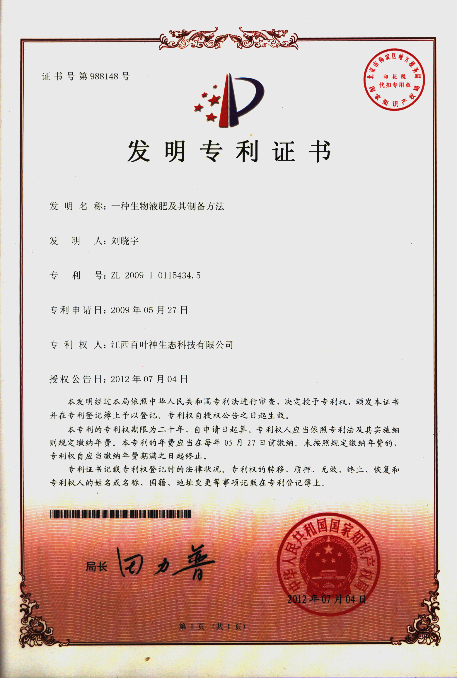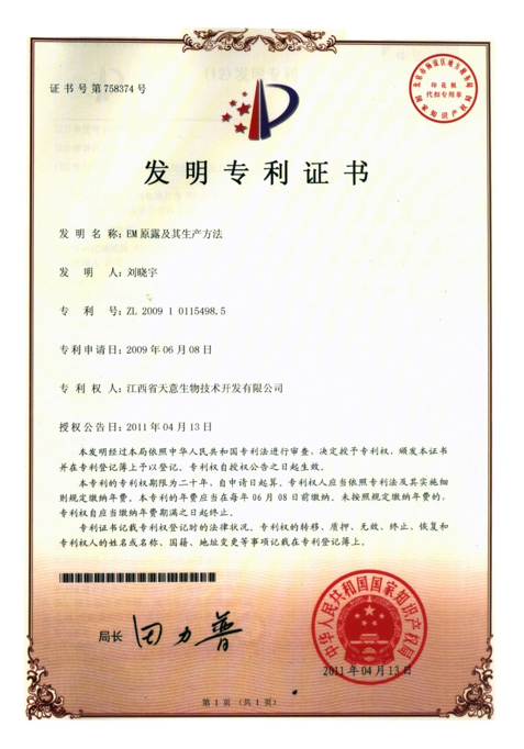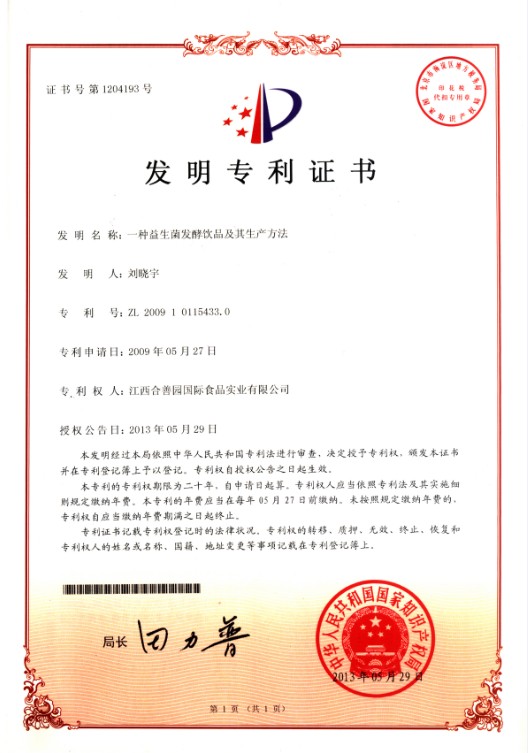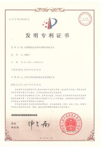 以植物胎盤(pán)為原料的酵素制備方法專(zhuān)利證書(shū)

··········

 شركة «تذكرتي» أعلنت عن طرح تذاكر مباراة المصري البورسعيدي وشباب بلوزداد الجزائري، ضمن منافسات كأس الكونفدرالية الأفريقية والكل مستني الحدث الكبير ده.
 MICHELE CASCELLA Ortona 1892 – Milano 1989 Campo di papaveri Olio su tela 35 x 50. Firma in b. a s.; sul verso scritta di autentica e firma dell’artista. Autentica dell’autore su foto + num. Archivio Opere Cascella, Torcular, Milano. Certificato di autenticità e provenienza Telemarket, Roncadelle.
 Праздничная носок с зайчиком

··········

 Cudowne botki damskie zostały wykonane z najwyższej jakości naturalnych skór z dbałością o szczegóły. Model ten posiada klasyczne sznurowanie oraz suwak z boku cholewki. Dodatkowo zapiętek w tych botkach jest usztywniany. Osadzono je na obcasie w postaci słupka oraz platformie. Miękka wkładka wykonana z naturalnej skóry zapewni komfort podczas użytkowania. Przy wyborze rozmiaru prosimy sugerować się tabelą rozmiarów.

··········

- **Your assignment**
The required answer is the exact run of lines above starting at the line with "MICHELE CASCELLA Ortona" and ending at the line with "Праздничная носок с зайчиком", with both ends present.

- **Response area**
 MICHELE CASCELLA Ortona 1892 – Milano 1989 Campo di papaveri Olio su tela 35 x 50. Firma in b. a s.; sul verso scritta di autentica e firma dell’artista. Autentica dell’autore su foto + num. Archivio Opere Cascella, Torcular, Milano. Certificato di autenticità e provenienza Telemarket, Roncadelle.
 Праздничная носок с зайчиком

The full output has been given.